Several players said they felt their health was neglected by coaches and athletic trainers. Little, the former linebacker, said following one practice his body was locked up from head to toe. He still has two small scars in his arm today because staff in the training room couldn’t get an IV needle in his arm.

“While I’m laying there with full cramps . . . Coach Court was demoralizing me in the background,” he recalled, “calling me soft, calling me a p---- b---- for laying down on the table.”

Donahue said he met with Durkin in December 2016 to tell him he could no longer deal with the constant bullying. He says Durkin told him that “sounds like a great story to tell my parents on why I’m quitting.”

“You know, I’m a strong person,” said Donahue, who said he has seen a therapist and taken the anti-depressant Wellbutrin to treat his condition. “It’s just, you go through all of that and it really wears you down eventually to the point where you just don’t know what to do, especially as a teenager — like 19, 20 years old and you’re dealing with that life every day and you realize that you have four more years of it.”

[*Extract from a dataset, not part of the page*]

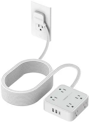 Flat Plug Long Extension Cord 25 Ft, TESSAN Power Strip Surge Protector with 8 Outlets 3 USB Ports (1 USB C), 900J Protection Desktop Charging Station for Home, Office, Dorm Room Essentials
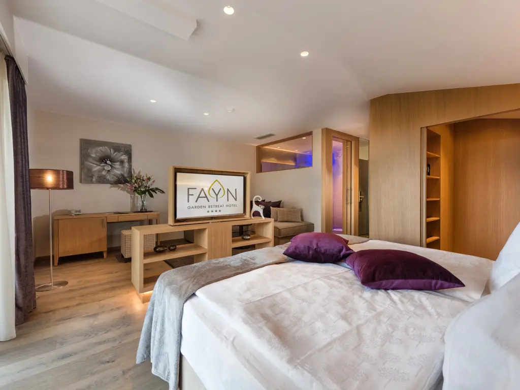 Kulinarisch setzt das FAYN auf regionale und saisonale Zutaten – vom vitalen Frühstück auf der Terrasse bis hin zu fein abgestimmten Abendmenüs. Passend dazu begleiten ausgewählte Südtiroler Weine aus dem Weinkeller jede Genussreise. Rund um das Hotel starten zahlreiche Wander- und Bike-Routen durch Weinberge und Obstwiesen, während Seilbahnen bequem hinauf in die Bergwelt der Texelgruppe führen. Für besondere Abwechslung sorgen außerdem die Therme Meran, nahegelegene Golfplätze, die Gärten von Schloss Trauttmansdorff sowie vielfältige kulturelle Highlights in Meran.

Lane said he told investigators the team’s medical staff tried sending him onto the field with a torn tendon, and on another occasion the team’s head trainer, Wes Robinson, urged him to return from a concussion before he was ready. Robinson has been placed on administrative leave and has not responded to requests to comment.

“He was trying to just rush me back, telling me I was lying, telling me that I was scared to play,” Lane said. “Basically trying to pressure me into coming back before I was ready.”

Lane’s complaints were largely reserved for the training staff, and he said the entire investigation could serve as a reckoning for the Maryland football program.

“Everything they’ve done in the dark comes to light,” the former wide receiver said. “They would sweep a lot of things under the rug, and now the truth is coming out and you can’t really do anything about it but face the consequences.”